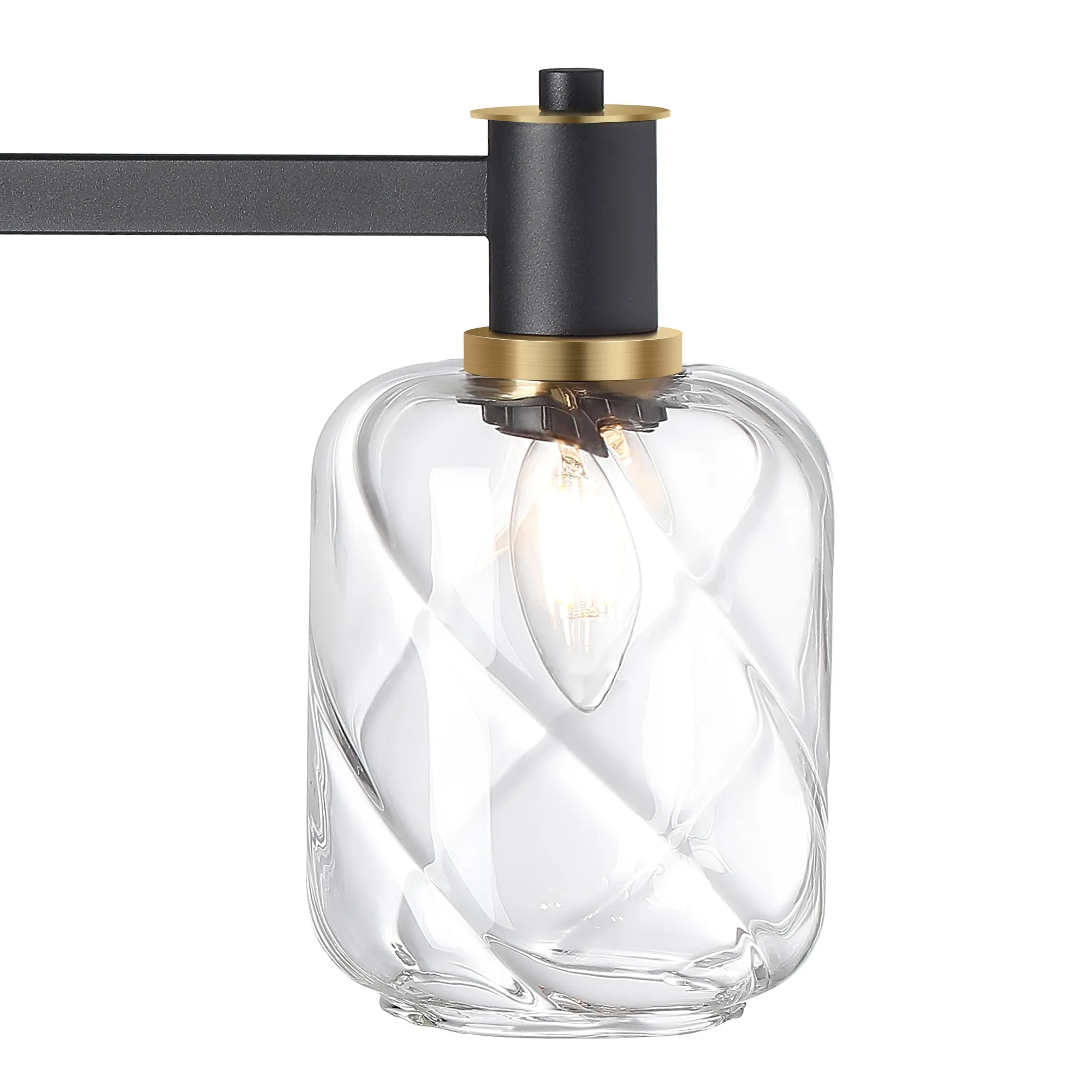 Alberni Swing Arm Telescopic Linear Pendant, 6 Light E14, Brass/Satin Black/Clear Twisted Cylinder Glass
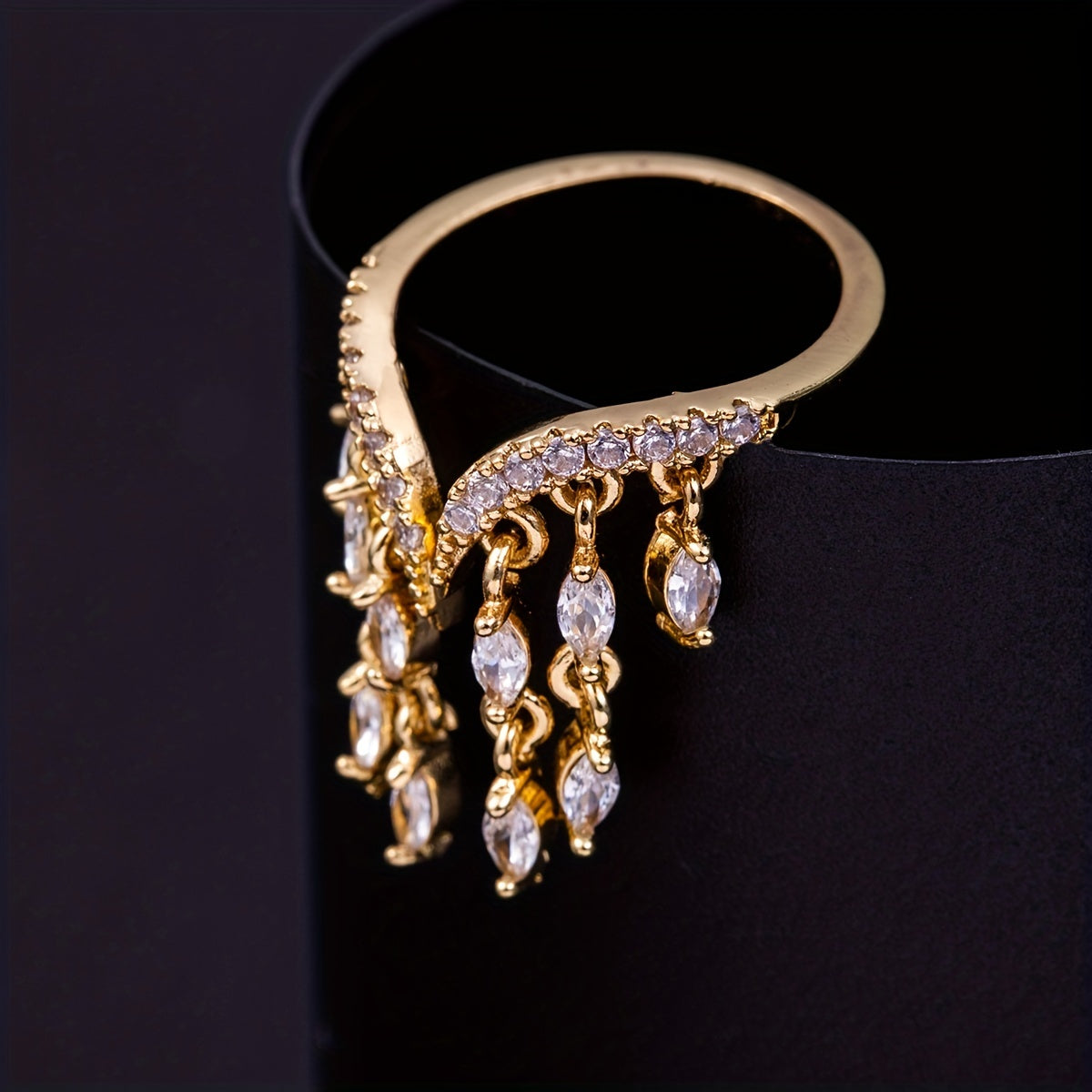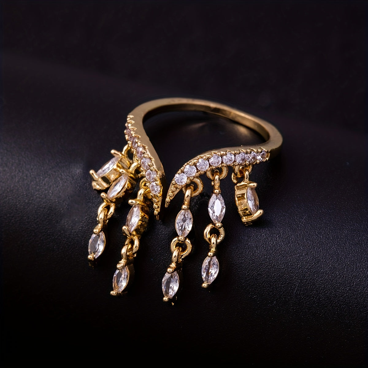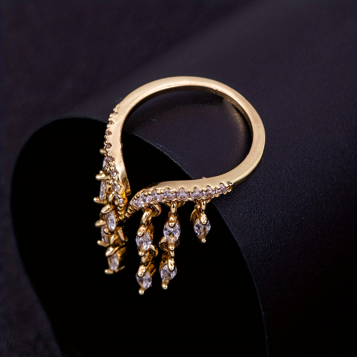 18K Golden Plated Zircon Ring Adjustable Size Jewelry
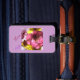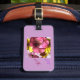 Luggage tag with leather strap with "Love and Flowers" design, licensed from Graphics Factory, with MoonDreams Music logo
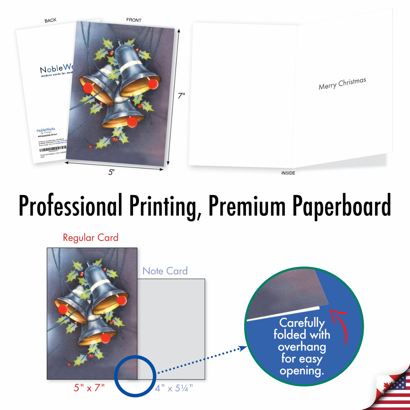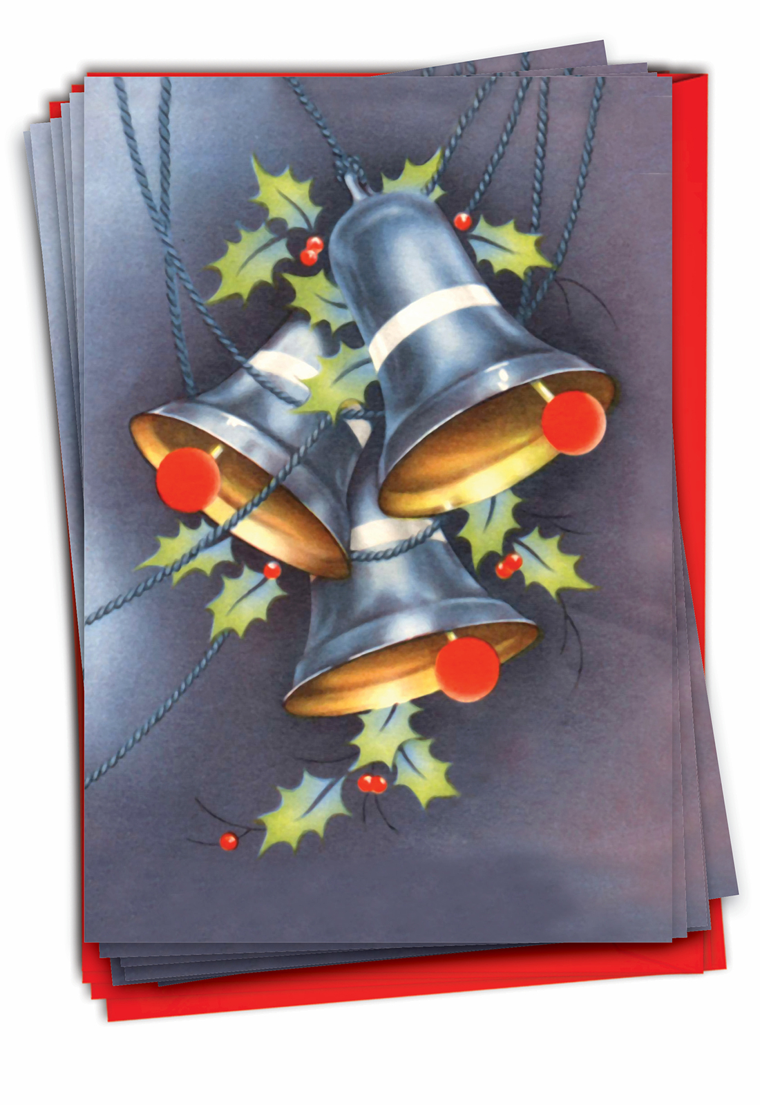 Vintage Bells-Holly - Artful Merry Christmas Box of 12 Cards, Wholesale
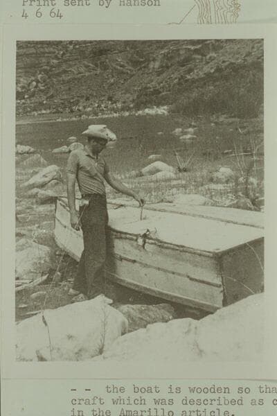 Clarke Lium with wrecked Cataract boat at Mille Crag, Sheep Canyon
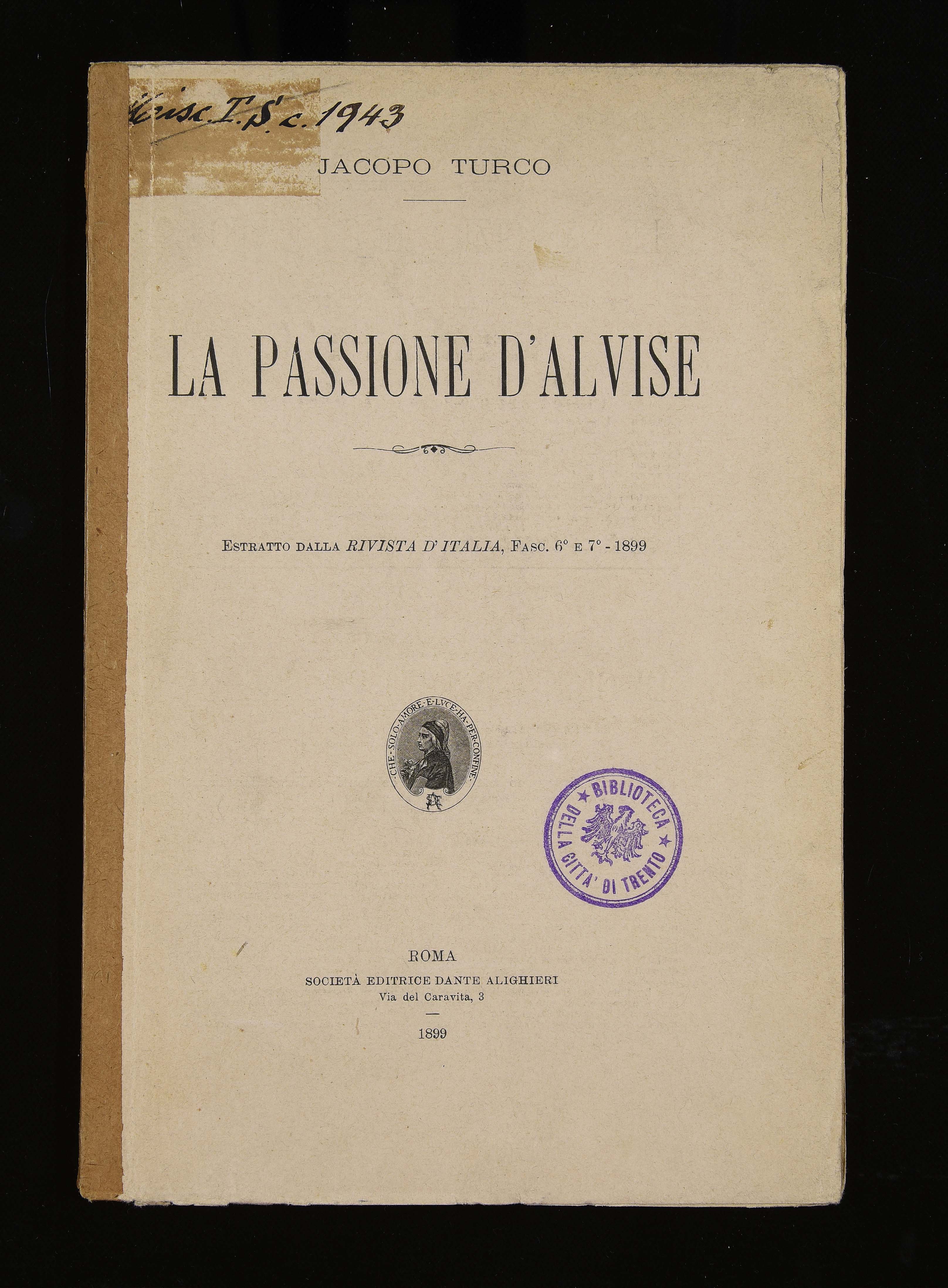 Legatura editoriale rinforzata al dorso (24,2 cm). Sul verso del frontespizio nota manoscritta: Dono del co. Aldo Alberti Poia come erede del M.o Raff. Lazzari 1924
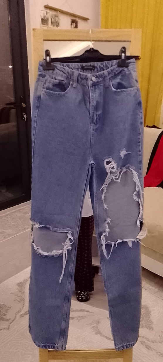 mavi renkte, yırtık detaylara sahip bol kesim denim kot pantolon. Günlük kullanım için uygun, salaş ve sokak modasına uygun. uzunluğu 113 cm paça genişliği 23 cm bel çevresi 72 cm kalça çevresi 100 cm
________________________
WHAT IS EXPECTED
I'd like the records above given again exactly, please, without the pictures.

RESPONSE TO THE TASK
 Alberni Swing Arm Telescopic Linear Pendant, 6 Light E14, Brass/Satin Black/Clear Twisted Cylinder Glass
 18K Golden Plated Zircon Ring Adjustable Size Jewelry
 Luggage tag with leather strap with "Love and Flowers" design, licensed from Graphics Factory, with MoonDreams Music logo
 Vintage Bells-Holly - Artful Merry Christmas Box of 12 Cards, Wholesale
 Clarke Lium with wrecked Cataract boat at Mille Crag, Sheep Canyon
 Legatura editoriale rinforzata al dorso (24,2 cm). Sul verso del frontespizio nota manoscritta: Dono del co. Aldo Alberti Poia come erede del M.o Raff. Lazzari 1924
 mavi renkte, yırtık detaylara sahip bol kesim denim kot pantolon. Günlük kullanım için uygun, salaş ve sokak modasına uygun. uzunluğu 113 cm paça genişliği 23 cm bel çevresi 72 cm kalça çevresi 100 cm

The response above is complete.